Con i nuclei realizzati in aprile faccio la fioritura del tiglio e castagno o in alternativa quella del
rododendro (in questo modo si potrebbe fare anche la melata senza rischi particolari).
Agire in questo modo porta ad alcuni vantaggi:
1. Si può continuare a praticare il nomadismo sfruttando più fioriture e producendo diversi tipi di
miele
2. Si tiene più sotto controllo lo sviluppo della varroa rischiando molto meno in termini di
sopravvivenza delle famiglie, il periodo di massimo sviluppi della covata è più breve
3. Questo modo di lavorare è anche uno stimolo per fare nuclei primaverili e per avere famiglie meno
colpite dalla varroa
4. Non siamo “pressati” dall’esigenza di togliere presto (magari anche troppo presto!) i melari per fare
i trattamenti contro la varroa, perché sappiamo che l’acaro ha avuto un tempo di sviluppo non
troppo lungo.
5. Per le famiglie che hanno sfruttato le prime fioriture restano tempi più lunghi dopo il blocco della
covata per la ripresa autunnale.
Nonostante tutti questi accorgimenti, personalmente anche quest’anno farò il blocco della covata sia sulle
famiglie sia sui nuclei primaverili se pur in tempi diversi.
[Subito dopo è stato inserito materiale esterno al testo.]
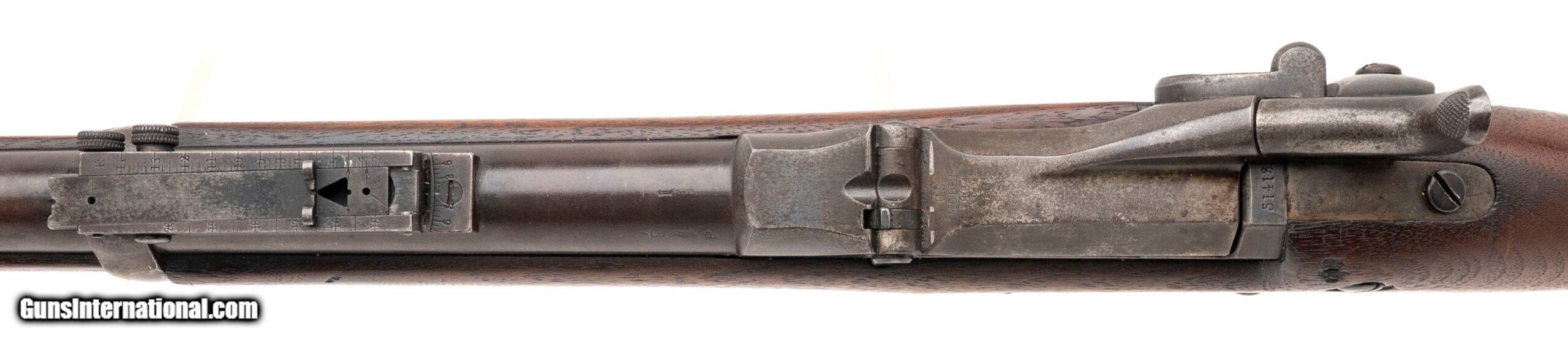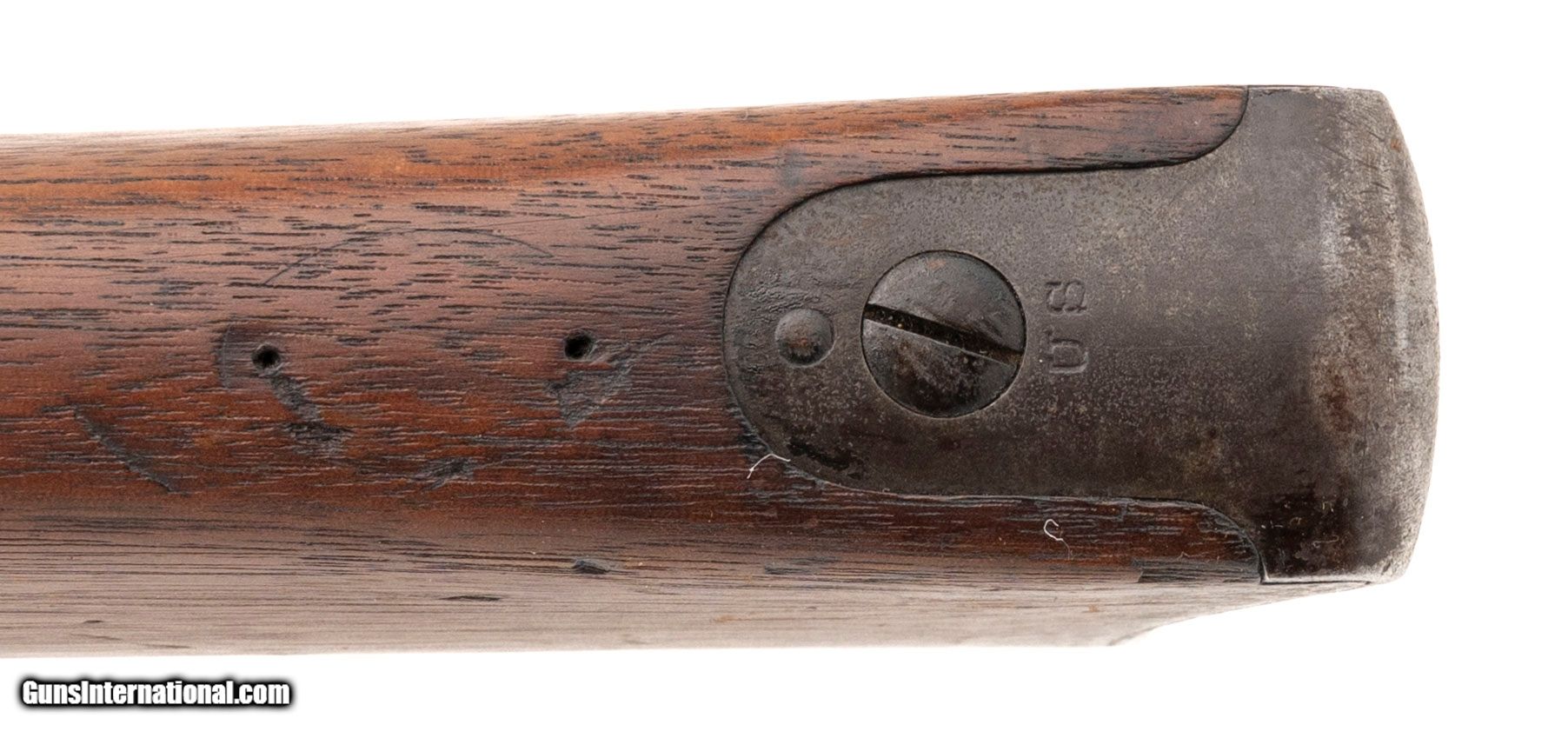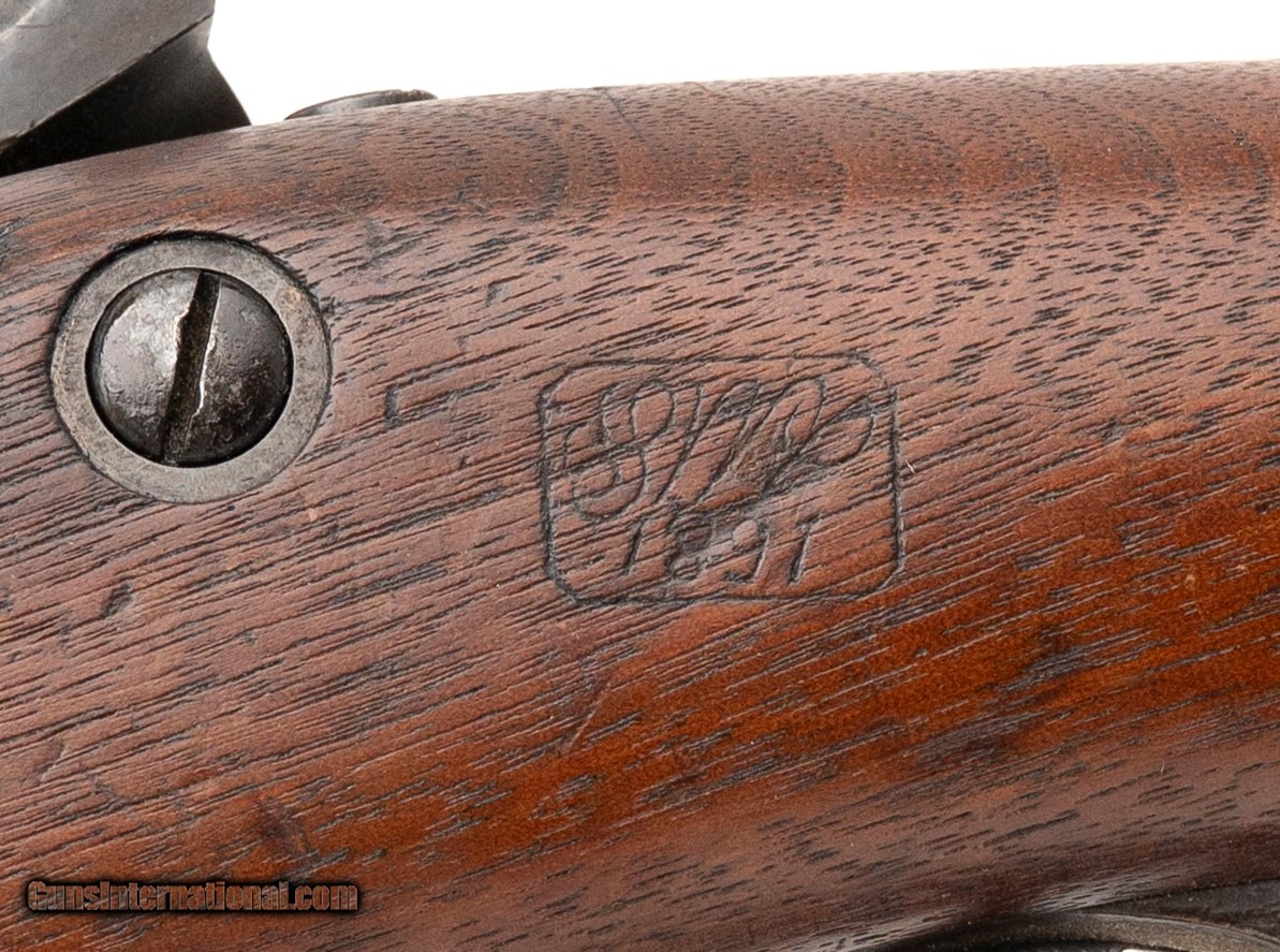 "Serial No. 514133, manufactured in 1891, chambered in .45-70 Government, with a 32 ½" round barrel. This rifle features the final iteration of the Springfield “trapdoor" series, incorporating the distinctive integral ramrod bayonet—a dual-purpose design aimed at simplifying field gear for infantry troops. The barrel has developed a smooth brown patina from age, while the breech and lock plate retain traces of original blue with vibrant case coloring visible within the breech. The rifle is equipped with a detachable pistol grip and original front sight protector. The walnut stock remains in very good condition, bearing a crisp 1891 inspection cartouche on the left wrist. Action is mechanically sound and functions correctly. This is a well-preserved example of a transitional U.S. military rifle that bridged the gap between single-shot arms and the advent of repeating service rifles.
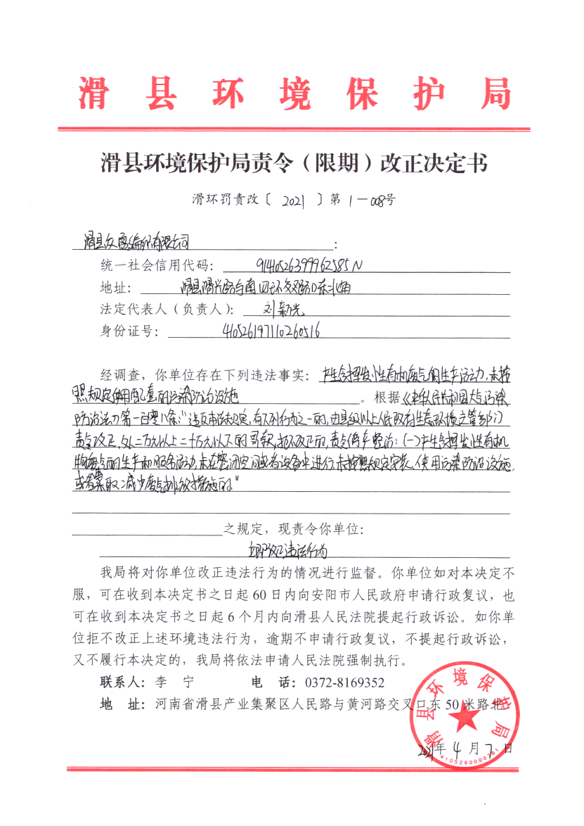 滑环罚责改〔2021〕第1-8号

Attenzione naturalmente ai problemi di re
infestazione che ci portano ad avere da una ad alcune decine di acari al giorno che possono entrare
nell’alveare da altre famiglie o da altri apiari. Quando lavoriamo con blocchi di covata fatti in tempi diversi
l’ideale sarebbe lavorare anche in apiari diversi proprio per ridurre le problematiche di re infestazione.